Modern slavery in fashion retail supply chains – what do you need to do?


This article is taken from the latest edition of Fladgate’s Fashion Update. Please email the marketing team on to be added to the mailing list for future updates.

Do you know where that dress came from?

While a garment’s label is likely to set out the country in which the item was made, consumers have traditionally had very little visibility over the actual hands sewing their clothes.

Last week H&M and Next both admitted to sacking a supplier after finding Syrian refugee children working in Turkish factories supplying their garments. This is just the latest example of what has been recognised as an industry-wide issue.

The use of forced labour and slavery in fashion retail is so prevalent that the Draft Modern Slavery Bill Joint Committee heard evidence that each of us is probably wearing at least one garment that has been made with some element of forced labour.
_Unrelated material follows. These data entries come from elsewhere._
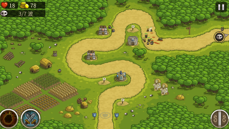 3、第三波解锁“援军召唤”技能(冷却10秒/持续10秒),每次召唤两名近战士兵。建议技能一就绪立即施放,并将援军精准部署于兵营集群前方,形成双重肉盾防线,大幅提升前排容错率。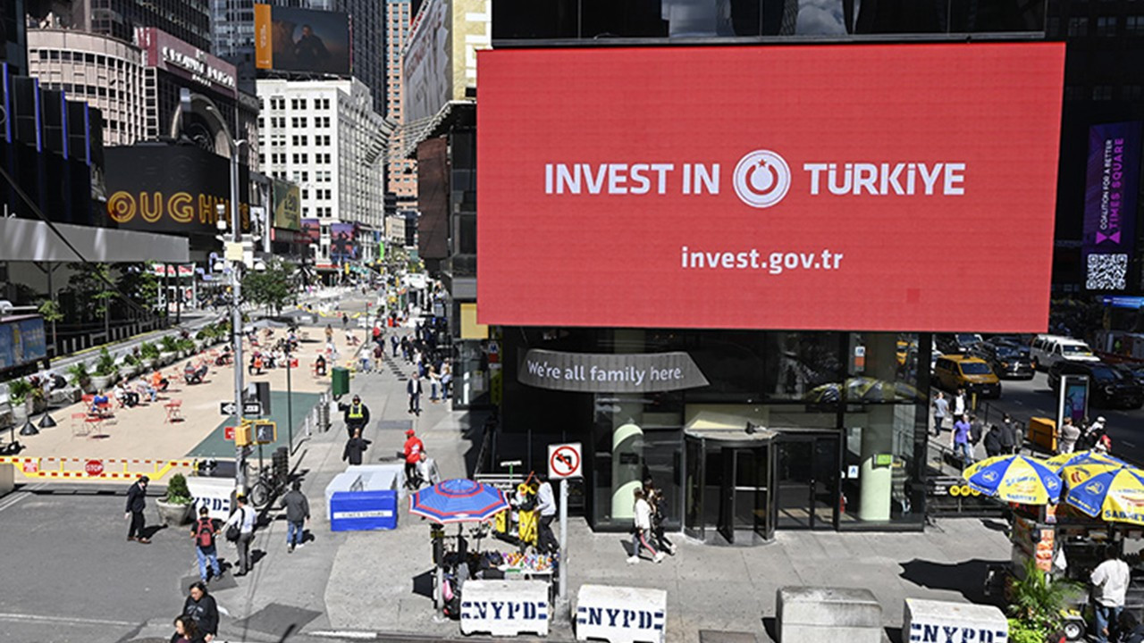 Bu kapsamda, Cumhurbaşkanlığı Yatırım Ofisi’nin “Invest in Türkiye” ve dünyanın bağlantı noktası anlamına gelen “Nexus of the World” mesajları, New York’un dünyaca ünlü Times Meydanı’ndaki dijital panolarda yayımlandı.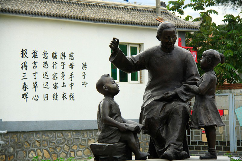 村子的胡同干凈整潔,精心設(shè)計(jì)的院墻上分別繪制著中國(guó)古代《二十四孝圖》浮雕、新編《二十四孝圖》彩繪圖、國(guó)學(xué)名言名句磚雕以及各種助人為樂兒童圖畫。

There are estimated to be at least 27 million “slaves” worldwide.

Many retailers and brands do not have full control over their supply chains. Elements are contracted out, often to manufacturers and suppliers in poorer countries overseas. This can lead to issues such as exploitation and poor working environments going undetected.

Enter the Modern Slavery Act

A new piece of legislation was introduced last year which requires businesses to be transparent over what it happening within their supply chains.

The Modern Slavery Act 2015 (the Act) applies to all retailers with a turnover in excess of £36 million per year. This includes the turnover of any subsidiary companies.

The government predicts that approximately 12,000 UK companies will fall within the scope of the legislation. The Act will also apply to overseas companies if part of their business is carried out in the UK.

What will your business need to do?

From 29 October 2015, any businesses caught by the Act will need to make an annual statement of the steps they have taken to “ensure that slavery and human trafficking are not taking place in any part of their business or supply chain”. 

If an organisation has not taken any such steps it must make a statement to this effect – this carries an obvious risk of negative publicity.

The Act does not set out exactly what the statement must include. However, the government has released a “practical guide” to assist businesses in making statements. It sets out a non-exhaustive list of what could be included, such as information about:

  • the organisation’s structure, business and supply chains;
  • its policies and due diligence processes in relation to slavery and human trafficking in its business and supply chains;
  • training available to employees; and
  • risks that are particular to their industry, activities and structure and how successfully those risks have been mitigated.

How and when should the disclosure be made?

The disclosure will need to be made “as soon as reasonably practicable” after the end of each company’s financial year (but should be made within six months). Businesses with a year-end of 31 March 2016 will be the first who must publish the reports. 

The statement must be approved at a senior management level (i.e. board level for limited companies). A link to the statement must be published in a prominent place on the retailer’s homepage. If the business has no webpage it must provide copies of the statement to anyone who requests it.

What you should do now:

  • you should consider whether your company falls within the financial thresholds of the Act;
  • if the Act applies, then you will need to consider whether to make a statement that you are taking steps to tackle slavery and trafficking; and
  • you should then conduct the relevant risk assessments and supply chain audits (particularly looking at your working practices and policies, along with those of your existing suppliers).

Other steps you could take include:

  • initiating training programmes;
  • putting policies in place (including whistleblowing policies so that issues can be reported); and
  • including wording in your supply chain agreements to prohibit suppliers from using forced or trafficked labour.